While visiting the South Seas I noticed that the Polynesians have very dark eyes. Even in Tahiti, where the skin colour isn't that dark, and hair isn't always black. Also the "demis" have inherited dark eyes, whatever their other parentage may be. There seems to be a dark-eye gene that isn't tightly coupled to skin or hair colour.
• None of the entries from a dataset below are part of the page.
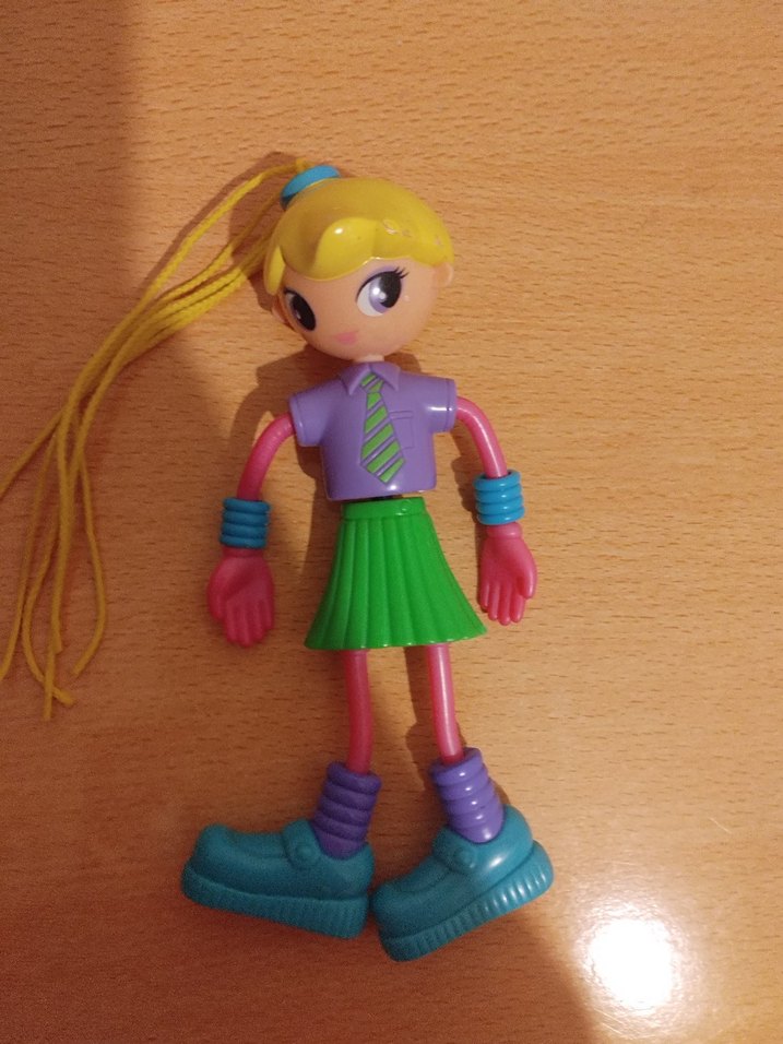 Hareketli kollu ve bacaklı, mor üst ve yeşil etekli, mavi ayakkabılı renkli kız bebek figürü. Sarı ipli saç detayına sahiptir.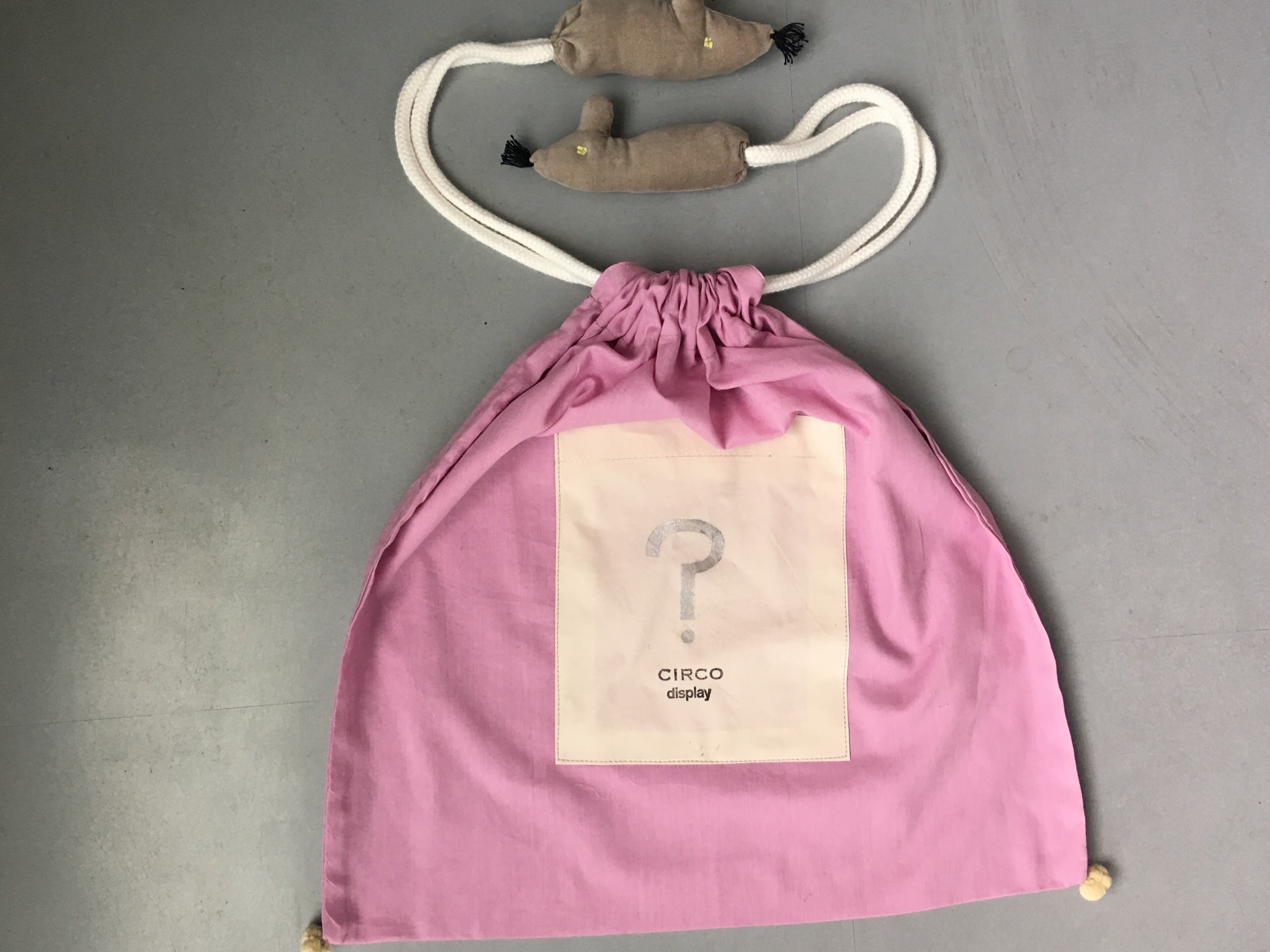 ネズミがモチーフで、ステンシルの?がポイント。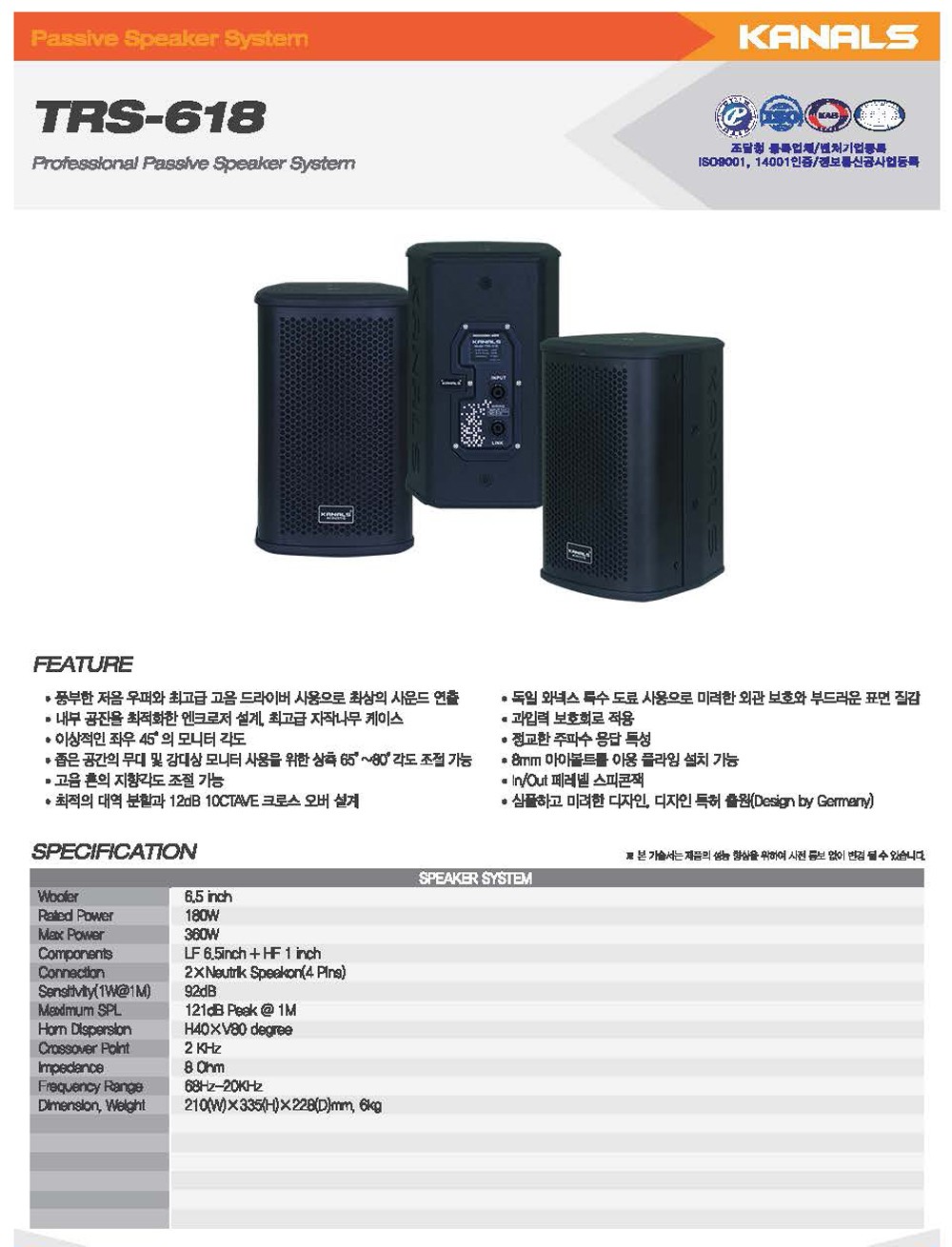 - 모델명 : TRS-618 카날스 패시브 스피커

The source of the evolutionary pressure is obvious: in the South Seas there is a lot of ultraviolet radiation, either directly from the Sun, or indirectly as a reflection from the ever-present sea. UV overload will eventually lead to cataracts. Dark eyes protect against it. So there is a mechanism that favours dark eyes, and is not connected to production of vitamins, like skin colour is.

So why do we Northern Europeans have blue eyes? Maybe our long and dark winter protects us, or the short but furious summer doesn't have enough UV. Or that gene got dropped when the ancestors weren't living close to water.

By Lassi Hippeläinen (not verified) on 23 Oct 2007 #permalink

There seems to be a dark-eye gene that isn't tightly coupled to skin or hair colour.

the gene which controls most (3/4) of eye color variation in europeans is OCA2. that variation has some, though not total, control over skin color variation as well (on the order of 10%).

I now think binning phenotypes into blue vs. non-blue or light vs. dark might miss some serious genetic action.

Man, where were you when I said this at the Academy of Natural Sciences 20 years ago!

It's not hard to find hazel-eyed children of blue eyed parents. Now that it's possible to test DNA, perhaps the usual dismissal of such data with sniggering comments about mailmen and absent husbands can finally be replaced with actual research.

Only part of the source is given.